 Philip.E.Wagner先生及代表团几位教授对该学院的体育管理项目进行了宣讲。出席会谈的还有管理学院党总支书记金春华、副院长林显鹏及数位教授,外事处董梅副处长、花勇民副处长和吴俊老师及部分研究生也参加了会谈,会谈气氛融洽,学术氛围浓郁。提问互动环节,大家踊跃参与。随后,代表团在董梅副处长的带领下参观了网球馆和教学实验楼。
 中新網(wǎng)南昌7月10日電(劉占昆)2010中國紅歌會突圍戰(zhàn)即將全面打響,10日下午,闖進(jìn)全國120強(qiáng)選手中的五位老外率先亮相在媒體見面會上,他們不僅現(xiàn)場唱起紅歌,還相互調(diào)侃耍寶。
#####
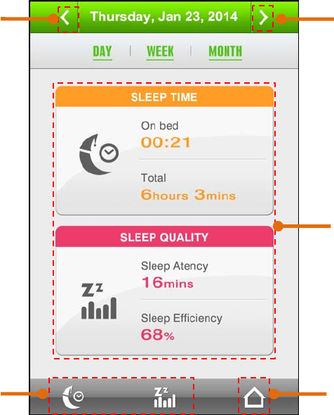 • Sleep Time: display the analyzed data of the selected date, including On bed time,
#####
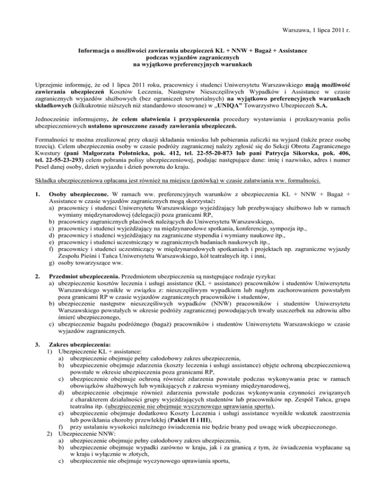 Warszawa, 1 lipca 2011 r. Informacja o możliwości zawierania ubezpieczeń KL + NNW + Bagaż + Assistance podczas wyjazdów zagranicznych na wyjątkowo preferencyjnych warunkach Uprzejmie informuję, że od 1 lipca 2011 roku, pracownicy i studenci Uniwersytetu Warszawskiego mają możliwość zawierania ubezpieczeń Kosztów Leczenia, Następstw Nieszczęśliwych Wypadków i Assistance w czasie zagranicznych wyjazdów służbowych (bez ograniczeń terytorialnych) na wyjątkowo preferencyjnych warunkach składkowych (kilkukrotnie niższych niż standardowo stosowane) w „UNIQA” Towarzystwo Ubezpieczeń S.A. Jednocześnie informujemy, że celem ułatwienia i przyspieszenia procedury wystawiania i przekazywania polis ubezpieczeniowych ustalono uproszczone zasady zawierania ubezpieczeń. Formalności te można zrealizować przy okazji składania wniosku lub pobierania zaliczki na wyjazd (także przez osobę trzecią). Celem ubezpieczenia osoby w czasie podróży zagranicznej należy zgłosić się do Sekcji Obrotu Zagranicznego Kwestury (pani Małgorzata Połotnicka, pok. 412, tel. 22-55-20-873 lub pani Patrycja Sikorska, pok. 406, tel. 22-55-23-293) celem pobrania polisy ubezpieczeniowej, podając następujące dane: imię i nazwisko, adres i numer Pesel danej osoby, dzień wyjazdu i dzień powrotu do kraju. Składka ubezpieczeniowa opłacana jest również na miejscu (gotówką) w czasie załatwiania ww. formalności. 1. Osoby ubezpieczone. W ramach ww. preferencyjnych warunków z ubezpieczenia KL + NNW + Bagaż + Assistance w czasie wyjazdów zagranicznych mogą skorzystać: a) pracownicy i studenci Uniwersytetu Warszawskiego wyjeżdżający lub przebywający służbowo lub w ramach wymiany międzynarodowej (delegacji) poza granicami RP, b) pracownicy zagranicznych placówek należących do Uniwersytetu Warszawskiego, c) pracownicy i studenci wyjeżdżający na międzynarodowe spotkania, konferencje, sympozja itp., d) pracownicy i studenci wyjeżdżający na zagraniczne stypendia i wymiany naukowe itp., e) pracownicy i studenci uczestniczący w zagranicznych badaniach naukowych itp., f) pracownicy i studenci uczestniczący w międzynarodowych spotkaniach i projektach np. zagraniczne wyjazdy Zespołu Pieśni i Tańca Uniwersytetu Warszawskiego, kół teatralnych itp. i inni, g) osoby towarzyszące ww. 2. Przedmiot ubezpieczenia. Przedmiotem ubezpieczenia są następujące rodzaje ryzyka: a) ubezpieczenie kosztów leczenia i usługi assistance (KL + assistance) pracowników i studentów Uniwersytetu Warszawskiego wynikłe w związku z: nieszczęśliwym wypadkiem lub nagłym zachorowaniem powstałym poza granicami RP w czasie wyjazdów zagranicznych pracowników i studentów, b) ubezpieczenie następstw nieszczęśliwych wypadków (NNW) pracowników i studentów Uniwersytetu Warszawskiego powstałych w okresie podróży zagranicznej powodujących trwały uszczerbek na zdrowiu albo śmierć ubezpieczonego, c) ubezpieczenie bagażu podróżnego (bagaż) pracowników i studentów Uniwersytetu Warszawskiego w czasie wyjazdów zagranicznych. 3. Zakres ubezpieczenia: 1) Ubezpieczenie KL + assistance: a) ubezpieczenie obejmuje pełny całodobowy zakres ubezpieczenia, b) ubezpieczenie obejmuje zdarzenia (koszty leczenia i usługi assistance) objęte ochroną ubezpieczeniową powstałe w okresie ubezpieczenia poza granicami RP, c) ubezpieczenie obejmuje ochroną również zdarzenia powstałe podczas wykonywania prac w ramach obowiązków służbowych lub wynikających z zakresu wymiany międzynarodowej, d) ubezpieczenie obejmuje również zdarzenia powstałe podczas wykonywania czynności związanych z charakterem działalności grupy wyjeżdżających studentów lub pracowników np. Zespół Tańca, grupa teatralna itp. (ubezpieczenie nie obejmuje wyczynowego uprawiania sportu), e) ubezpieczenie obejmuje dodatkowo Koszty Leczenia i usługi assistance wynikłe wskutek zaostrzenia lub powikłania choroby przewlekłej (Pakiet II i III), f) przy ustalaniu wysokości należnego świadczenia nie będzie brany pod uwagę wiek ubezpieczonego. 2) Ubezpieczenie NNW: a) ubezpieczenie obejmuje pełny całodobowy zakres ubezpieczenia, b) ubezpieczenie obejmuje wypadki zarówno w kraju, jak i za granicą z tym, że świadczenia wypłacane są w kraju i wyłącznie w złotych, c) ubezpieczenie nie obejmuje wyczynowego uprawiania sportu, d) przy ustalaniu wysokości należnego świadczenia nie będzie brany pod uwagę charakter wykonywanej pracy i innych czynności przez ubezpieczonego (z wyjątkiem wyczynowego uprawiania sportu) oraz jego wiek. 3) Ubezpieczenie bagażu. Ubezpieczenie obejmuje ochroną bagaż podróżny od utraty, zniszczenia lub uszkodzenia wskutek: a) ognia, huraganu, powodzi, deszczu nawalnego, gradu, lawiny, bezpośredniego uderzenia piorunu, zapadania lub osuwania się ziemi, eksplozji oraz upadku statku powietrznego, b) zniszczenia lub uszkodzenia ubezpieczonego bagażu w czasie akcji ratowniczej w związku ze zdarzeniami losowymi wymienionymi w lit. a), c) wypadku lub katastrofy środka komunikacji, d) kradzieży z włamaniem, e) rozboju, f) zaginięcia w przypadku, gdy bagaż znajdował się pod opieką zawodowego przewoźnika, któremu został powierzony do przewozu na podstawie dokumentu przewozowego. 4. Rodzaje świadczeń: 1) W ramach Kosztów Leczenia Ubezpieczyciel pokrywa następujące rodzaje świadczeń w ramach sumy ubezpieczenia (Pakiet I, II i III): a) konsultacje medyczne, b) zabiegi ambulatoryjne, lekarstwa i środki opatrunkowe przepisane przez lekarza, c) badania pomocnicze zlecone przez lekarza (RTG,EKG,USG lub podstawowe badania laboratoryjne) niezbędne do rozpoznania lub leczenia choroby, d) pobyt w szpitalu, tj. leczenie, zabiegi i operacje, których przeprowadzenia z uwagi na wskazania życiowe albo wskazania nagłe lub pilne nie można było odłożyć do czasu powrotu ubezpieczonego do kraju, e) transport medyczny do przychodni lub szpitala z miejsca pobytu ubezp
#####
* **PROBLEM TO WORK ON**
Starting at the line above that contains "Philip.E.Wagne", write out each line exactly until the line that contains "中新網(wǎng)南昌7月1" has been written, and stop there.

* **THE COMPLETED TASK**
 Philip.E.Wagner先生及代表团几位教授对该学院的体育管理项目进行了宣讲。出席会谈的还有管理学院党总支书记金春华、副院长林显鹏及数位教授,外事处董梅副处长、花勇民副处长和吴俊老师及部分研究生也参加了会谈,会谈气氛融洽,学术氛围浓郁。提问互动环节,大家踊跃参与。随后,代表团在董梅副处长的带领下参观了网球馆和教学实验楼。
 中新網(wǎng)南昌7月10日電(劉占昆)2010中國紅歌會突圍戰(zhàn)即將全面打響,10日下午,闖進(jìn)全國120強(qiáng)選手中的五位老外率先亮相在媒體見面會上,他們不僅現(xiàn)場唱起紅歌,還相互調(diào)侃耍寶。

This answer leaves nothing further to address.